**EXERCISE REQUIREMENTS**
Transcribe the data below verbatim from the line with "大神宮の古い写真をお借りする" to the line with "Fig. 1  Correlation". Include both of those lines.

***** RECORDS TO USE

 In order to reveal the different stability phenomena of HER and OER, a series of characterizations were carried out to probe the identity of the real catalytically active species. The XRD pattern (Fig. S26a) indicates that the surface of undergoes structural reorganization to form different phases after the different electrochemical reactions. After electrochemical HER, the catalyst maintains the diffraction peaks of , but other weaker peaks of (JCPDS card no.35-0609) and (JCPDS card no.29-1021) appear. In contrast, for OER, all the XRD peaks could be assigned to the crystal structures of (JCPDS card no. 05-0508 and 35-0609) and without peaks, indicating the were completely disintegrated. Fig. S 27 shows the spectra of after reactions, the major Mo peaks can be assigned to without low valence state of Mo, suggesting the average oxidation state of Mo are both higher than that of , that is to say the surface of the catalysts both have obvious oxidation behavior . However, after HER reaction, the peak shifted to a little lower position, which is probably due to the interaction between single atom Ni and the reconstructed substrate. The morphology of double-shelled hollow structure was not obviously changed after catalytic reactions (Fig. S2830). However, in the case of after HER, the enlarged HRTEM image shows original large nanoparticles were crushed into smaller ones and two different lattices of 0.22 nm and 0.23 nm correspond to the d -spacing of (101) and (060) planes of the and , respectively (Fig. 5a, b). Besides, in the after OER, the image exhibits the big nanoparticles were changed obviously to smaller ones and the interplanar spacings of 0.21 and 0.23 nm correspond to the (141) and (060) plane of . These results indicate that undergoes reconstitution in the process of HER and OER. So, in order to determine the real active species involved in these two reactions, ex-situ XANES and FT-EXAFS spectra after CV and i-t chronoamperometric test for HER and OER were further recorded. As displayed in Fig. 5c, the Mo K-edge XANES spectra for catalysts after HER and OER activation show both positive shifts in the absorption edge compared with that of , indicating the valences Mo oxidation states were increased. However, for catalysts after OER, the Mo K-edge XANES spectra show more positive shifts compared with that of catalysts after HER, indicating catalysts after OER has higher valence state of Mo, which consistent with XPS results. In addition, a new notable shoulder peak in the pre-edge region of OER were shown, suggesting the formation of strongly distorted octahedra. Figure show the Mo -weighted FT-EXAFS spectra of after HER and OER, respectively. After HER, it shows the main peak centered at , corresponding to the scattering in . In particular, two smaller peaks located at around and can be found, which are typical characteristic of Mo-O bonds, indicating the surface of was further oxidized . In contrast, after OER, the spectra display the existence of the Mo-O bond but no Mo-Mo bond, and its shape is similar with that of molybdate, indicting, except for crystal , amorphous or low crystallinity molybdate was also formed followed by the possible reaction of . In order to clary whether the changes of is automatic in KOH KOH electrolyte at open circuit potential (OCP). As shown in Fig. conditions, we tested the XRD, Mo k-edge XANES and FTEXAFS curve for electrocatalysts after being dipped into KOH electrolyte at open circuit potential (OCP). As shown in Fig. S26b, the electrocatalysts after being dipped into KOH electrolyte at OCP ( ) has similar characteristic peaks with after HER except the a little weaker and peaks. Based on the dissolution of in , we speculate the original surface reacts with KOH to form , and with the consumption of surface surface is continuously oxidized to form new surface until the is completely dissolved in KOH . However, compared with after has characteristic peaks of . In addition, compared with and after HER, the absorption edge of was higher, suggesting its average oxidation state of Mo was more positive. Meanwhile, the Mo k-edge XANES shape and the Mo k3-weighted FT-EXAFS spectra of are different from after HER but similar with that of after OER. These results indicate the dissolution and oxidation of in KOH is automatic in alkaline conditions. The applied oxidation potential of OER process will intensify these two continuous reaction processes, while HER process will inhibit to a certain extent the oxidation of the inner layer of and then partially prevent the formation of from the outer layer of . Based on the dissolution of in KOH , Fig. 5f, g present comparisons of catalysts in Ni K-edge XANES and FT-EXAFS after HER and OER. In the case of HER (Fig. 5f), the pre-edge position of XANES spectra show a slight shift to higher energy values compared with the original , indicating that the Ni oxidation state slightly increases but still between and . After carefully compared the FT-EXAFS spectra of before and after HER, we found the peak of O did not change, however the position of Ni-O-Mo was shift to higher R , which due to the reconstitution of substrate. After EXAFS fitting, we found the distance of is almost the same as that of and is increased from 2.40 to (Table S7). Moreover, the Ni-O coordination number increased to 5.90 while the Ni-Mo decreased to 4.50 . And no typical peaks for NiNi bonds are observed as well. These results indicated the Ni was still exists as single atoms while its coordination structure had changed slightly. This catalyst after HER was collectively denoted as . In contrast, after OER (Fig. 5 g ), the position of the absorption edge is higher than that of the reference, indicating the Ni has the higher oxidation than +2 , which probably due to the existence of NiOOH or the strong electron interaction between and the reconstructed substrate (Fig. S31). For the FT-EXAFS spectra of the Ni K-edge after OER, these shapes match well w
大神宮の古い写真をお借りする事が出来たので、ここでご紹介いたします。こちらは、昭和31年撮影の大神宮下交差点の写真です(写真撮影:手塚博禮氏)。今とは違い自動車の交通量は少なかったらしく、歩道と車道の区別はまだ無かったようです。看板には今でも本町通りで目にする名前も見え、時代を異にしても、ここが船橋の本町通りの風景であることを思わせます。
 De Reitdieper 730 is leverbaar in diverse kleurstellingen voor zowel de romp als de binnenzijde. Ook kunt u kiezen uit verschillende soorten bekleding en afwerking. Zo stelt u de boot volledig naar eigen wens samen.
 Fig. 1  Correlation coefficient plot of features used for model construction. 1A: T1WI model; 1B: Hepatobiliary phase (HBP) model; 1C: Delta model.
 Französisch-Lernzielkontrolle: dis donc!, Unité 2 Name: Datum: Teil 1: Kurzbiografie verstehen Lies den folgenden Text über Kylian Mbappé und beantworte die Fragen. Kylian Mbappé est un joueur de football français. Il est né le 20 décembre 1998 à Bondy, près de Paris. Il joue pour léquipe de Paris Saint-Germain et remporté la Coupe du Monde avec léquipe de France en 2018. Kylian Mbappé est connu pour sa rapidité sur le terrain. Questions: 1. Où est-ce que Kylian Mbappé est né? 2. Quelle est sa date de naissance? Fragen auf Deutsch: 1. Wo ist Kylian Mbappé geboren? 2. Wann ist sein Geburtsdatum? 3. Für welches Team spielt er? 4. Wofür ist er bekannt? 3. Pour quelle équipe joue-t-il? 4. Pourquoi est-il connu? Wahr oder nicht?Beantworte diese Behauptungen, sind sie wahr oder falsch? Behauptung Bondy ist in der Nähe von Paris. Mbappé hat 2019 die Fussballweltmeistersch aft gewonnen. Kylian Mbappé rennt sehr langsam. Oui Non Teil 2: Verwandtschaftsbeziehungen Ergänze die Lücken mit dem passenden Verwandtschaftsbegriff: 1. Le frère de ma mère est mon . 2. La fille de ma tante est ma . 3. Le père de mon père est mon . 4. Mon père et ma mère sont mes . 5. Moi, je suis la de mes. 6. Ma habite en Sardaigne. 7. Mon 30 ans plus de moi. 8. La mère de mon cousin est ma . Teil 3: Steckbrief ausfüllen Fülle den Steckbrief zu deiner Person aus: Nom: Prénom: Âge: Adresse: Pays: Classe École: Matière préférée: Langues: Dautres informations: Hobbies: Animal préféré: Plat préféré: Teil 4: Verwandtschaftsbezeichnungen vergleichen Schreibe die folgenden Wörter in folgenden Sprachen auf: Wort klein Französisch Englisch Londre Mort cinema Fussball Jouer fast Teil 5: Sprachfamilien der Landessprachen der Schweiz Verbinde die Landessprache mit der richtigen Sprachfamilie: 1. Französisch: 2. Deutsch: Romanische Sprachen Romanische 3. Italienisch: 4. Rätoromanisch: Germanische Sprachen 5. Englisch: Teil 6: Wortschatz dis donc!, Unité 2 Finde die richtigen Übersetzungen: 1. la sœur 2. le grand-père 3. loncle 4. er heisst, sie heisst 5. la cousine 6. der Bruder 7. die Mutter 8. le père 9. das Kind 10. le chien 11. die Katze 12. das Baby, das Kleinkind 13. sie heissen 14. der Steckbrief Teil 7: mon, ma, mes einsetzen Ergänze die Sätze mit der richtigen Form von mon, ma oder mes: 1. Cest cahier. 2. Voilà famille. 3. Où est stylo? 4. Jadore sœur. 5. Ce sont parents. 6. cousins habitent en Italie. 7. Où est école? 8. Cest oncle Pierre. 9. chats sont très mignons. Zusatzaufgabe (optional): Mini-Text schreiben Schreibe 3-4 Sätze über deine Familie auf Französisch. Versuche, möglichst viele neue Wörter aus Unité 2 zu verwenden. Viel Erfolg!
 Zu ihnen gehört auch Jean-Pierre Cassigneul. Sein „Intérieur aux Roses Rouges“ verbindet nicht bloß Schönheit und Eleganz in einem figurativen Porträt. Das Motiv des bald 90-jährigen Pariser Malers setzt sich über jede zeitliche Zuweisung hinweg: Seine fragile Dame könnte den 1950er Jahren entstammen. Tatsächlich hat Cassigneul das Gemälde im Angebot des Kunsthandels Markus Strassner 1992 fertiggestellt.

**********

**RESPONSE AREA**
大神宮の古い写真をお借りする事が出来たので、ここでご紹介いたします。こちらは、昭和31年撮影の大神宮下交差点の写真です(写真撮影:手塚博禮氏)。今とは違い自動車の交通量は少なかったらしく、歩道と車道の区別はまだ無かったようです。看板には今でも本町通りで目にする名前も見え、時代を異にしても、ここが船橋の本町通りの風景であることを思わせます。
 De Reitdieper 730 is leverbaar in diverse kleurstellingen voor zowel de romp als de binnenzijde. Ook kunt u kiezen uit verschillende soorten bekleding en afwerking. Zo stelt u de boot volledig naar eigen wens samen.
 Fig. 1  Correlation coefficient plot of features used for model construction. 1A: T1WI model; 1B: Hepatobiliary phase (HBP) model; 1C: Delta model.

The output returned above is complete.